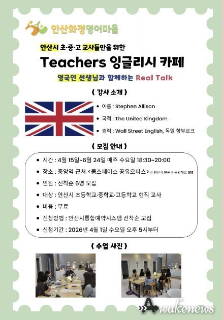 어웨이크뉴스 오경하 기자 | 안산시가 설립하고 안산대학교가 운영하는 안산화정영어마을은 ‘Teachers 잉글리시 카페’ 참여자를 모집한다고 23일 밝혔다.
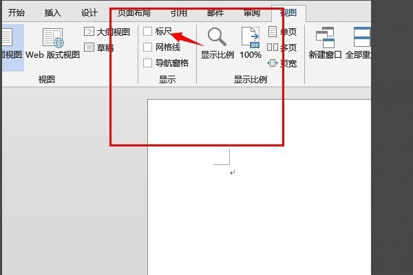 3、点击视图选项中的“标尺”功能选项,勾选前面的方框即可。
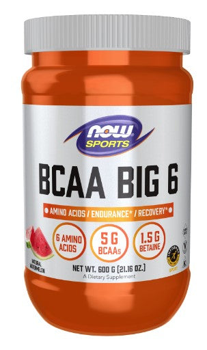BCAA Big 6 Powder, Watermelon Flavor - 600 g (21.16 oz), by Now Sports
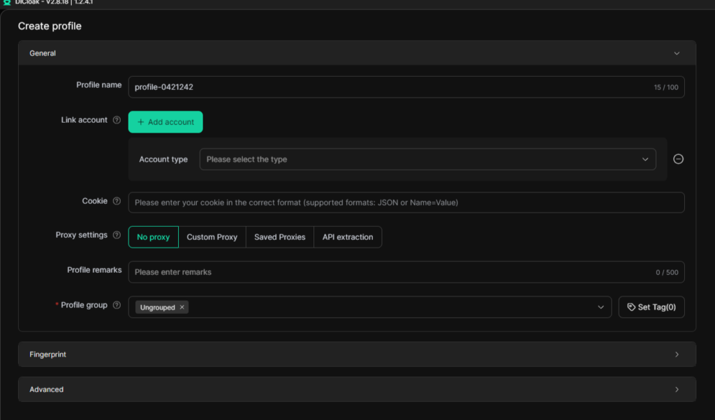 Профиль в DICloak — это отдельная изолированная среда браузера. Он имитирует отдельное устройство с уникальными параметрами, что позволяет безопасно работать с несколькими аккаунтами одновременно.
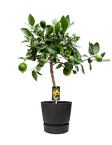 Die XL Mexikanische Limette ist auch unter dem botanischem Namen Aurantiifolia bekannt was soviel wie 'goldenes Blatt' heißt. Für viele ist sie die echte Limette - die Mexikanische Limette Citrus aurantifolia. Tatsächlich liefert sie die runden, immergrünen Limetten. Mit seinen wunderbar duftenten Zitrusfrüchten bringt er mediterrane Stimmung nach drinnen & draußen. Ob im Wohnzimmer, auf dem Balkon, der Terrasse oder im Garten, die Pflanze fühlt sich überall wohl. Die Limetten sind klein und rund, bleiben aber grün. Das besondere am Citrus aurantifolia ist, sowohl die hübschen weißen Blüten und auch die Blätter aromatisch duften. Die Blüten erscheinen nach den ersten warmen Wochen im mittleren bis späten Frühjahr. Die Citrus Green Lime bleibt im Winter drinnen und kann im Frühjahr wieder nach draußen. Die Früchte dienen eher der Dekoration als dem Verzehr. Diese pflegeleichte Zimmer- und Outdoorpflanze ist ca. 80-90 cm hoch und befindet sich im stylisch schlichten rPot Greenville. Dieser versorgt dank des integrierten Wasserreservoirs deine Pflanzen gleichmäßig mit Wasser und unterstützt auf diese Weise ihr kräftiges sowie gesundes Wachstum. Der Übertopf ist 4 edelmatten Farben und zu 100% aus recyceltem Kunststoff hergestellt und besonders wasserfest, Marke: Elho. Durchmesser: 25 cm
****************
Problem to work on: Copy nothing past the line containing "Профиль в DICloak": reproduce every line from the start of the records up to it, skipping pictures.

Written response:
 어웨이크뉴스 오경하 기자 | 안산시가 설립하고 안산대학교가 운영하는 안산화정영어마을은 ‘Teachers 잉글리시 카페’ 참여자를 모집한다고 23일 밝혔다.
 3、点击视图选项中的“标尺”功能选项,勾选前面的方框即可。
BCAA Big 6 Powder, Watermelon Flavor - 600 g (21.16 oz), by Now Sports
 Профиль в DICloak — это отдельная изолированная среда браузера. Он имитирует отдельное устройство с уникальными параметрами, что позволяет безопасно работать с несколькими аккаунтами одновременно.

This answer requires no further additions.